If I were a betting man I would put my money on Commodore adopting this
technology, not DVI or data compression such as LZW.
wes
|
4471.12 | | WJG::GUINEAU | the number 42 comes to mind | Fri Feb 01 1991 10:43 | 5 |
| What happens when the same image is compressed/decompressed multiple times?
I mean are the losses cumulativly destructive?
john
|
4471.13 | Yes, it get's worse | FROCKY::BALZER | Christian Balzer DTN:785-1029 | Fri Feb 01 1991 12:57 | 11 |
| Re: .12
Yes, due to the nature of the process (trying to preserve the "look" and not
the exact contents of the picture).
However for the intented market (multimedia), this process starting with
"good" source pictures is very well suited.
Cheers,
<CB>
|
4471.14 | | BAGELS::BRANNON | Dave Brannon | Mon Feb 04 1991 18:49 | 17 |
| For a look at a real world application of compression...
I stopped by the Memory Location, they have a DCTV hooked up for
demos.

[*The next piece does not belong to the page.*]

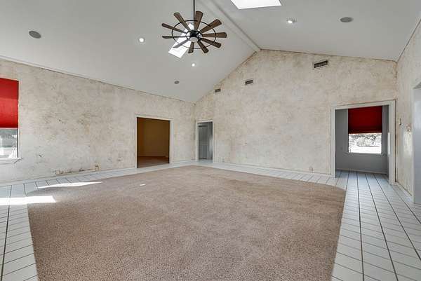 - Auto Garage Opener, Carpeting, Ceiling Fan(s), Pantry, Shades/Blinds, Skylight(s), Tile Flooring, Wood Shutters

It uses a .DCTV format which appears to be picture info compressed
to reduce the time needed to tranfer data to/from computer and
DCTV box. Didn't see any description of the algorithm used.
Seemed to run at a reasonable speed on a 2000.
re: compression methods
GIF format seems to be taking care of the question of how to compress
picture data by doing it at the picture file format level - that way
you don't needed a unpacking utility before running the picture viewer.
When is IFF going to add lzw encoding as an option?